--- RECORDS PROVIDED ---
- - -

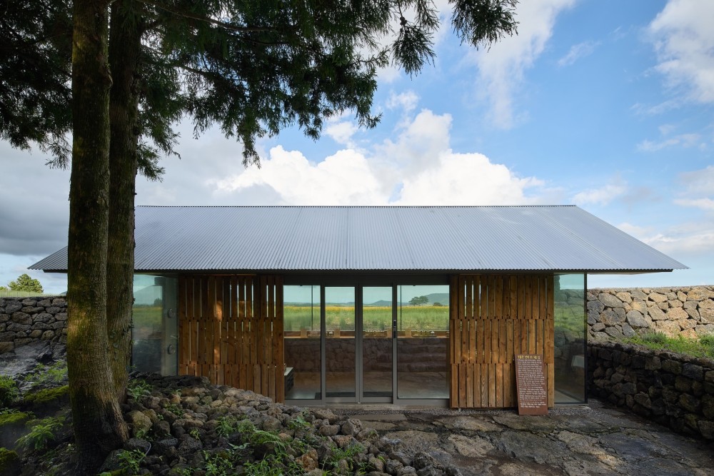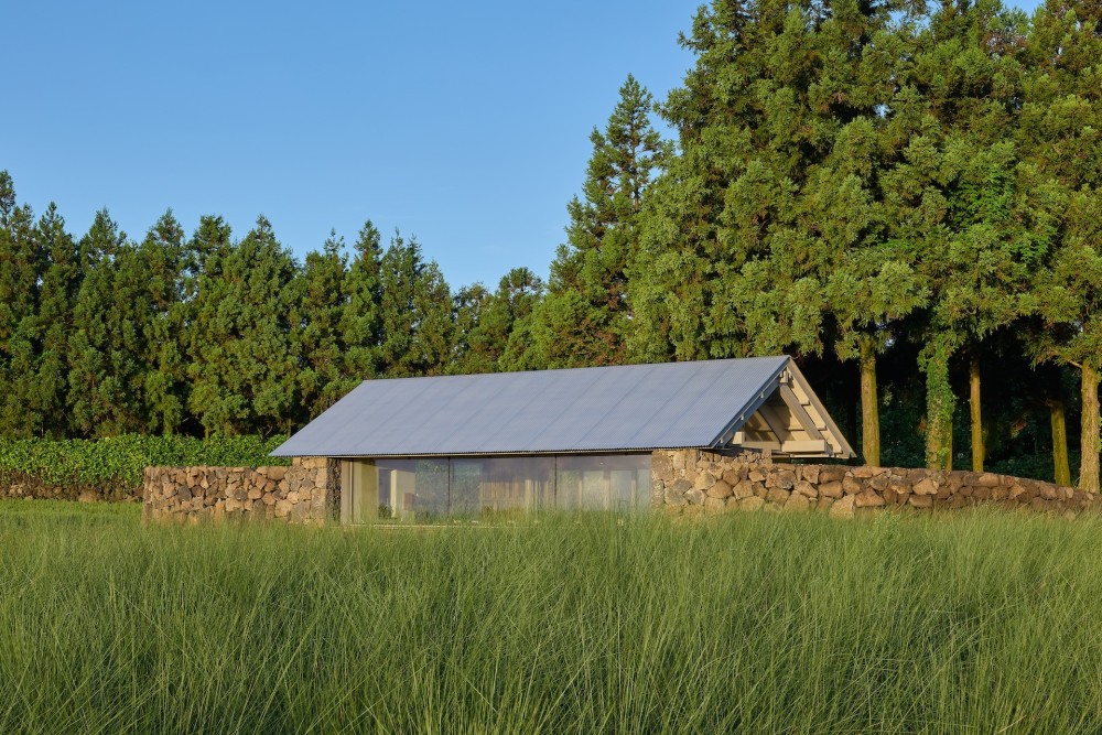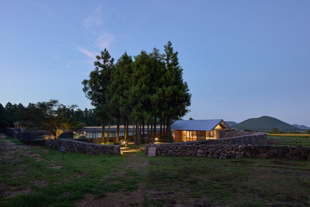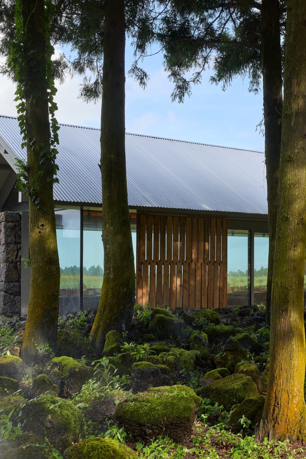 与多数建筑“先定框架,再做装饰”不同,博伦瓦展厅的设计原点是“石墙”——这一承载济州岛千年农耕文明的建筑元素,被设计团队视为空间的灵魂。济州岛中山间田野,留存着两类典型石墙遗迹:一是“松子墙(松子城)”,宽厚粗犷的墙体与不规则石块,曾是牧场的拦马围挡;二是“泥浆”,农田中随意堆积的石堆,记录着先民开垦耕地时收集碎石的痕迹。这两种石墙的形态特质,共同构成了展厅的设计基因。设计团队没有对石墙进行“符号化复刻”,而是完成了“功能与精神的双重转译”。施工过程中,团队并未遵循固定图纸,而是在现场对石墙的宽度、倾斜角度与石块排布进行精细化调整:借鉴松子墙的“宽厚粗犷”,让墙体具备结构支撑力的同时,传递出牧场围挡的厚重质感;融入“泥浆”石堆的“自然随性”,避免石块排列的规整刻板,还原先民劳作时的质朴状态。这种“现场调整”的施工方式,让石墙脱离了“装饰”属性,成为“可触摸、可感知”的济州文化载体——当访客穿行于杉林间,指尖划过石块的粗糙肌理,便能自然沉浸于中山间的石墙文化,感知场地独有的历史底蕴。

- - -

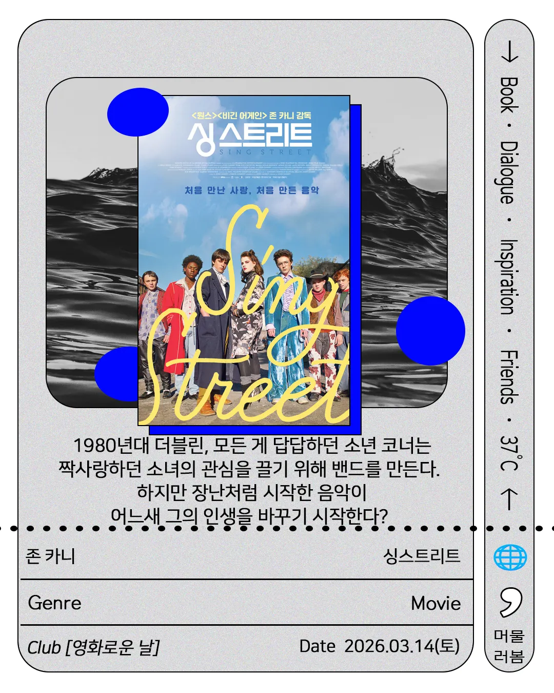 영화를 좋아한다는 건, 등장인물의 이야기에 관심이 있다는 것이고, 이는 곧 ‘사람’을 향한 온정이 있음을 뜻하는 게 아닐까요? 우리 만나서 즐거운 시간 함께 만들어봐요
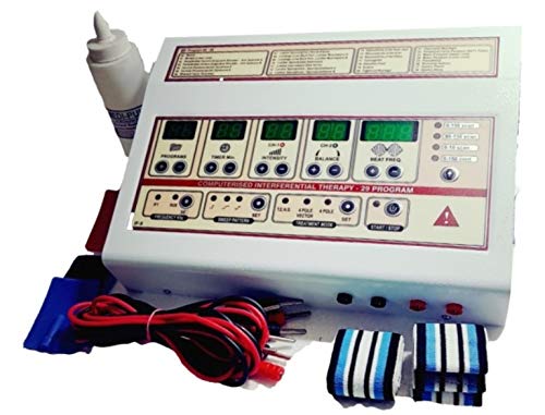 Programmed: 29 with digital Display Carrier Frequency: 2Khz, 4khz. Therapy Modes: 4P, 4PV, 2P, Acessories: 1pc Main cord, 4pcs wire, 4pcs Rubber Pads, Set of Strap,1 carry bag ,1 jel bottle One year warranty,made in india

- - -

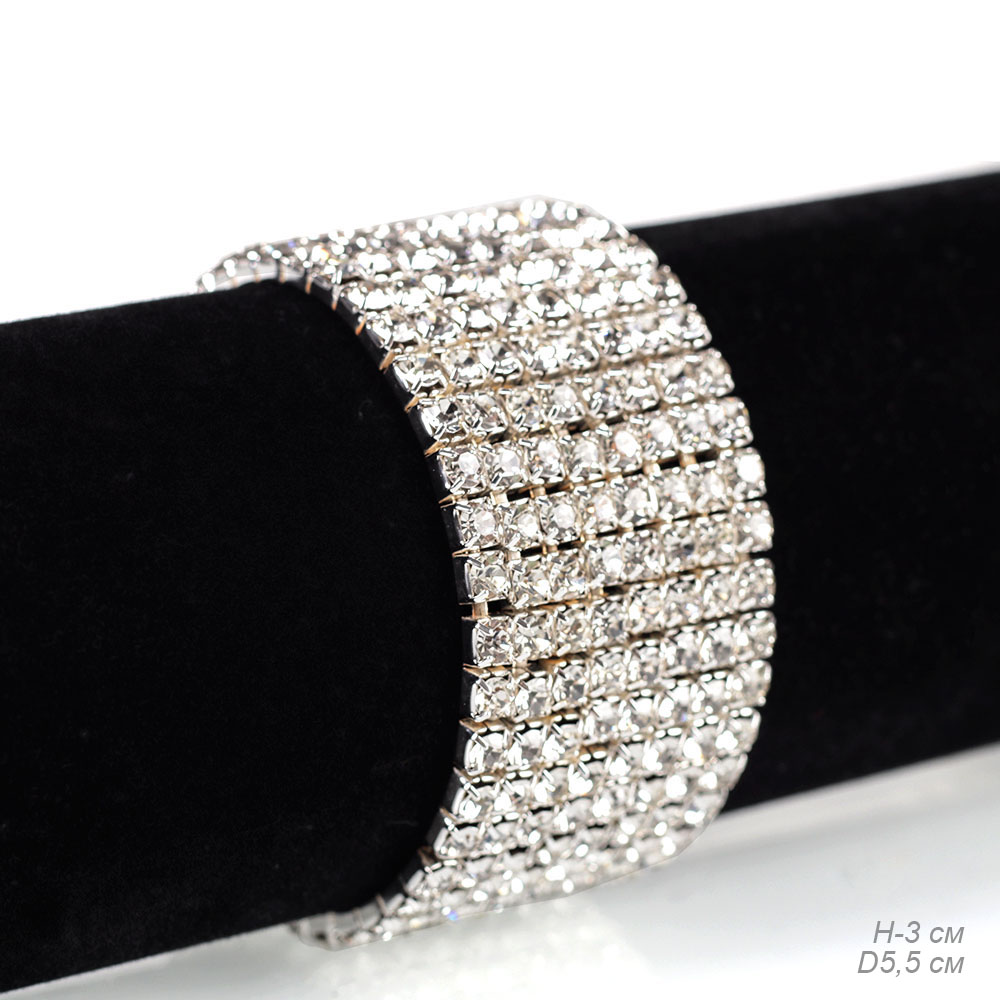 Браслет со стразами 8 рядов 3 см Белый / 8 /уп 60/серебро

- - -

--- ABOUT THIS EXERCISE ---
Everything from the line above that contains "영화를 좋아한다는 건, 등장인물의" down to the line that contains "Programmed: 29 with" must be reproduced exactly, both ends included. Omit the pictures.

--- FINISHED EXERCISE ---
 영화를 좋아한다는 건, 등장인물의 이야기에 관심이 있다는 것이고, 이는 곧 ‘사람’을 향한 온정이 있음을 뜻하는 게 아닐까요? 우리 만나서 즐거운 시간 함께 만들어봐요
 Programmed: 29 with digital Display Carrier Frequency: 2Khz, 4khz. Therapy Modes: 4P, 4PV, 2P, Acessories: 1pc Main cord, 4pcs wire, 4pcs Rubber Pads, Set of Strap,1 carry bag ,1 jel bottle One year warranty,made in india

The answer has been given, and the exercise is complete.